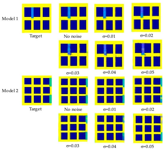 After adding Gaussian noise of different sizes, grounding grid impedance imaging is performed. As shown in Figure 12, the blue part of model 1 represents grounding grid corrosion, and the conductivity of the actual corrosion part is . Model 2 is corroded at the green position, and the conductivity at the actual corrosion position is .As the noise level increases, particularly when the standard deviation of the noise exceeds 5% of the voltage values, the imaging quality is significantly affected. However, when introducing low to moderate noise, the imaging results remain largely unaffected. Even with moderate levels of noise, the algorithm is still able to accurately detect the corrosion location and corrosion state, demonstrating the robustness and noise resilience of the proposed method. This indicates that the model can maintain a reliable performance under practical, noisy conditions, making it suitable for real-world applications where measurement noise is inevitable.
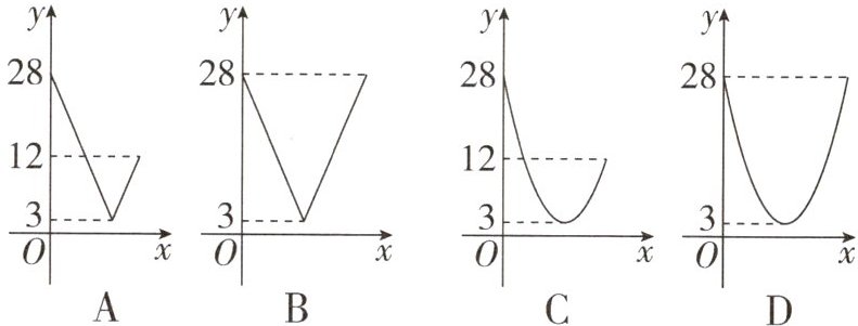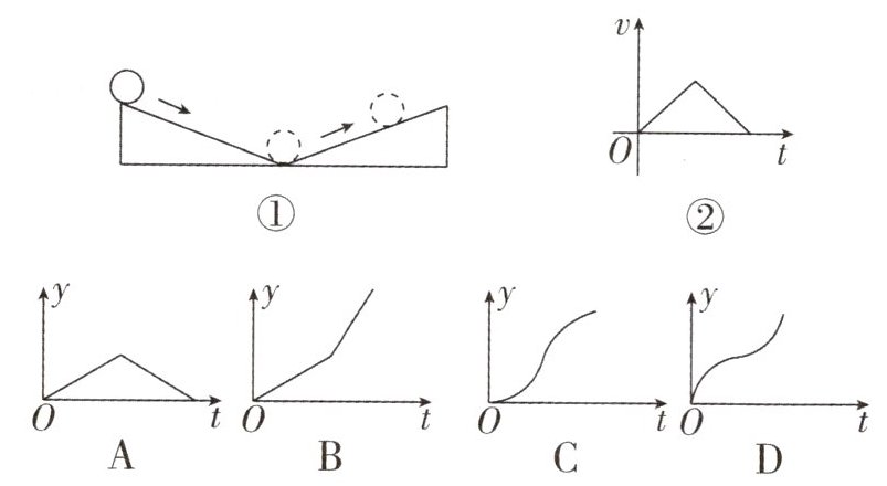 1. (台州中考)如图①,小球从左侧的斜坡滚下,到达底端后又沿着右侧斜坡向上滚,在这个过程中,小球的运动速度 $ v $ (单位: $ \mathrm{m} / \mathrm{s} $)与运动时间 $ t $ (单位: $ \mathrm{s} $)的函数图象如图②,则该小球的运动路程 $ y $ (单位: $ \mathrm{m} $)与运动时间 $ t $ (单位: $ \mathrm{s} $)之间的函数图象大致是 (
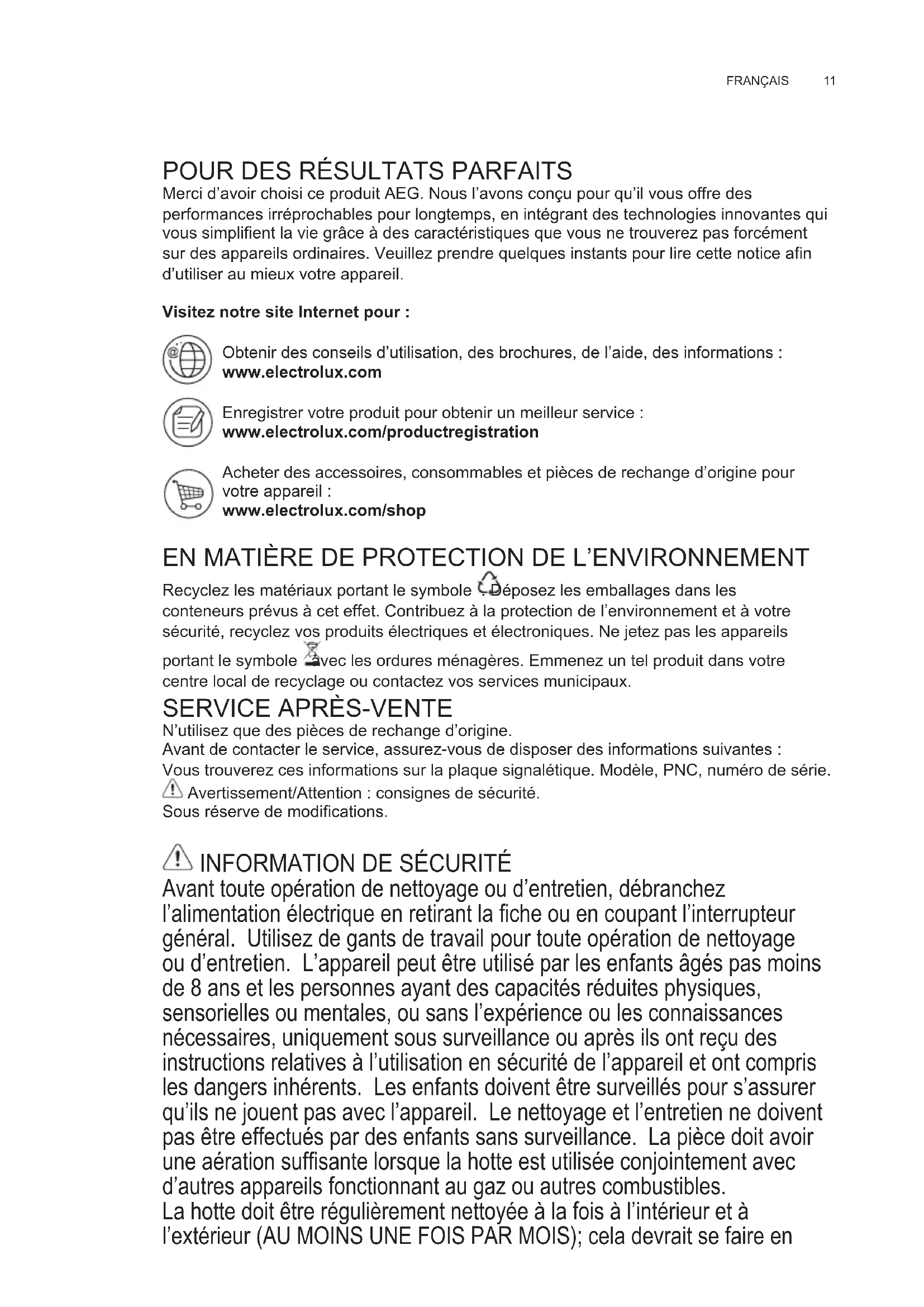 Avant toute opération de nettoyage ou d’entretien, débranchez l’alimentation électrique en retirant la che ou en coupant l’interrupteur général. Utilisez de gants de travail pour toute opération de nettoyage ou d’entretien. L’appareil peut être utilisé par les enfants âgés pas moins de 8 ans et les personnes ayant des capacités réduites physiques, sensorielles ou mentales, ou sans l’expérience ou les connaissances nécessaires, uniquement sous surveillance ou après ils ont reçu des instructions relatives à l’utilisation en sécurité de l’appareil et ont compris les dangers inhérents. Les enfants doivent être surveillés pour s’assurer qu’ils ne jouent pas avec l’appareil. Le nettoyage et l’entretien ne doivent pas être effectués par des enfants sans surveillance. La pièce doit avoir une aération sufsante lorsque la hotte est utilisée conjointement avec d’autres appareils fonctionnant au gaz ou autres combustibles. La hotte doit être régulièrement nettoyée à la fois à l’intérieur et à l’extérieur (AU MOINS UNE FOIS PAR MOIS); cela devrait se faire en FR MANUEL D’UTILISATIONwww.electrolux.com

++++++

▶ Aim of the exercise
Repeat the full listing above without altering a word, and skip the pictures.

▶ Response to this task
 After adding Gaussian noise of different sizes, grounding grid impedance imaging is performed. As shown in Figure 12, the blue part of model 1 represents grounding grid corrosion, and the conductivity of the actual corrosion part is . Model 2 is corroded at the green position, and the conductivity at the actual corrosion position is .As the noise level increases, particularly when the standard deviation of the noise exceeds 5% of the voltage values, the imaging quality is significantly affected. However, when introducing low to moderate noise, the imaging results remain largely unaffected. Even with moderate levels of noise, the algorithm is still able to accurately detect the corrosion location and corrosion state, demonstrating the robustness and noise resilience of the proposed method. This indicates that the model can maintain a reliable performance under practical, noisy conditions, making it suitable for real-world applications where measurement noise is inevitable.
 1. (台州中考)如图①,小球从左侧的斜坡滚下,到达底端后又沿着右侧斜坡向上滚,在这个过程中,小球的运动速度 $ v $ (单位: $ \mathrm{m} / \mathrm{s} $)与运动时间 $ t $ (单位: $ \mathrm{s} $)的函数图象如图②,则该小球的运动路程 $ y $ (单位: $ \mathrm{m} $)与运动时间 $ t $ (单位: $ \mathrm{s} $)之间的函数图象大致是 (
 Avant toute opération de nettoyage ou d’entretien, débranchez l’alimentation électrique en retirant la che ou en coupant l’interrupteur général. Utilisez de gants de travail pour toute opération de nettoyage ou d’entretien. L’appareil peut être utilisé par les enfants âgés pas moins de 8 ans et les personnes ayant des capacités réduites physiques, sensorielles ou mentales, ou sans l’expérience ou les connaissances nécessaires, uniquement sous surveillance ou après ils ont reçu des instructions relatives à l’utilisation en sécurité de l’appareil et ont compris les dangers inhérents. Les enfants doivent être surveillés pour s’assurer qu’ils ne jouent pas avec l’appareil. Le nettoyage et l’entretien ne doivent pas être effectués par des enfants sans surveillance. La pièce doit avoir une aération sufsante lorsque la hotte est utilisée conjointement avec d’autres appareils fonctionnant au gaz ou autres combustibles. La hotte doit être régulièrement nettoyée à la fois à l’intérieur et à l’extérieur (AU MOINS UNE FOIS PAR MOIS); cela devrait se faire en FR MANUEL D’UTILISATIONwww.electrolux.com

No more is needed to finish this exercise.